The results of the regression analysis suggested that: (1) perceived stress explained a portion of the variance in sleep quality and (2) self-compassion explained a relatively large amount of the variance in emotional eating. Other research supports these findings, as the measure of perceived stress is unquestionably related to sleep quality, such that increased stress (i.e., perception, elevated hormones) inhibits and/or disrupts healthy sleep quality [Reference Sadeh, Keinan and Daon50]. Self-compassion, the attitude of being kind to and caring toward oneself, is aptly positioned to enhance self-regulatory responses which may attenuate the maladaptive behavior of emotional eating. The direct practices of self-compassion are intended to create a felt sense of kindness and caring in a way that is non-judgmental in the present moment; importantly this construct is, by definition, placed in the context of suffering, such that one brings this way of being to oneself when met with challenging and/or difficult situations.
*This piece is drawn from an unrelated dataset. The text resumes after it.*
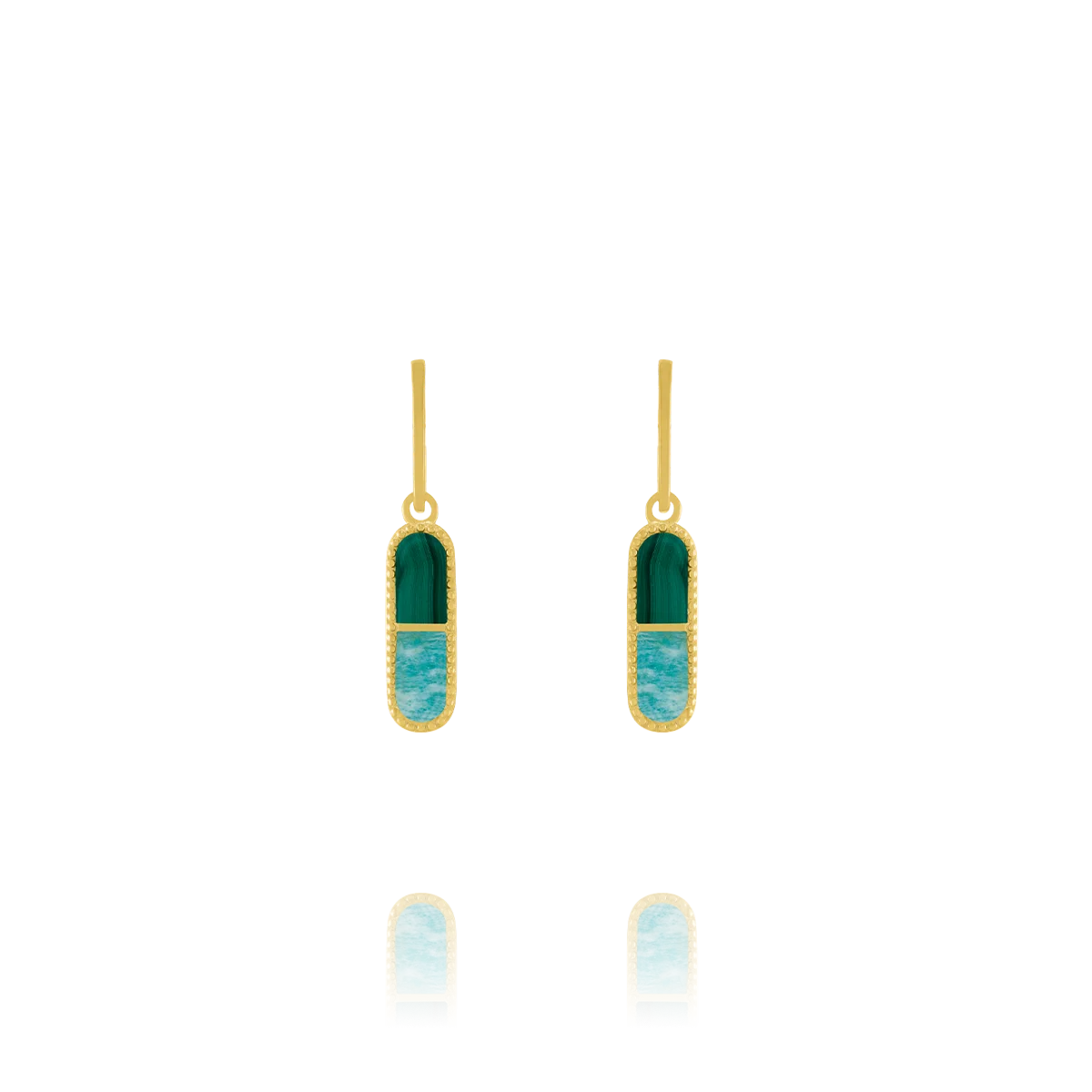 La collection Styles présente ces boucles d'oreilles ovales, où la malachite verte se mélange harmonieusement à l'amazonite bleu turquoise, toutes deux encadrées par de l'argent doré.

Bringing kind attention to oneself when struggling with difficult emotions (e.g., stress, mood disturbance) may attenuate the, oftentimes, habituated, and maladaptive response of emotional eating. With respect to the construct of emotional eating, self-compassion was a statistically significant predictor in the final regression model.
Limitations
The current single-group pilot study has noted limitations. First, the results and interpretation are limited by the small sample size (N = 36) and homogeneity (highly educated and lacking racial/ethnic diversity). Secondly, lack of a control group limits the ability to: (1) demonstrate efficacy, (2) compare (intervention) results to that of a population who did not receive the intervention, and (3) examine mediators in the context of comparison group. The limited duration/frequency (8 weeks, 30 minutes, once weekly), with some participants attending less than the full set of (8 weeks) classes, may have compromised the ability to see additional changes in outcomes, particularly body composition (e.g., percent body fat). A longer intervention with a matched control group may have yielded more robust changes, correlations, and the potential to explore predictors as mediators driving change. Lastly, there were additional variables not explored in the correlation matrix and therefore not entered into the regression models. There are a host of variables related to the body composition and the associated behavioral risk factors of sleep quality and emotional eating – it is possible that physical activity, dietary intake, use of medications, and prior medical diagnosis may have factored into the regression models and explained additional variance in the dependent variables.
Conclusion
While considerable intervention-driven research in the fields of exercise and diet has demonstrated improved body composition and reduced obesity, long-term sustained results are limited. Findings from the current pilot study suggest that, in the context of a MM intervention, well-being predictors (i.e., stress, mood state, mindfulness, self-compassion, and body awareness) are correlated with associated behavioral risk factors of sleep quality and emotional eating, both strongly related to body composition. Further, results demonstrated that perceived stress and self-compassion may act as significant predictors on the associated behavioral risk factors of sleep quality and emotional eating. Additional research is needed to continue to explore and explain the relationships between select well-being predictors and associated behavioral risk factors targeted toward improved body composition among midlife and older women.
Acknowledgments
The authors wish to thank our previous Student Interns from Arizona State University, Taylor James and Alisa Atkins, for their assistance with participant recruitment, study execution, and data collection.
Funding statement
The current body of work was unfunded and does not have funding information to report.
Competing interests
The authors have no conflicts of interest to declare.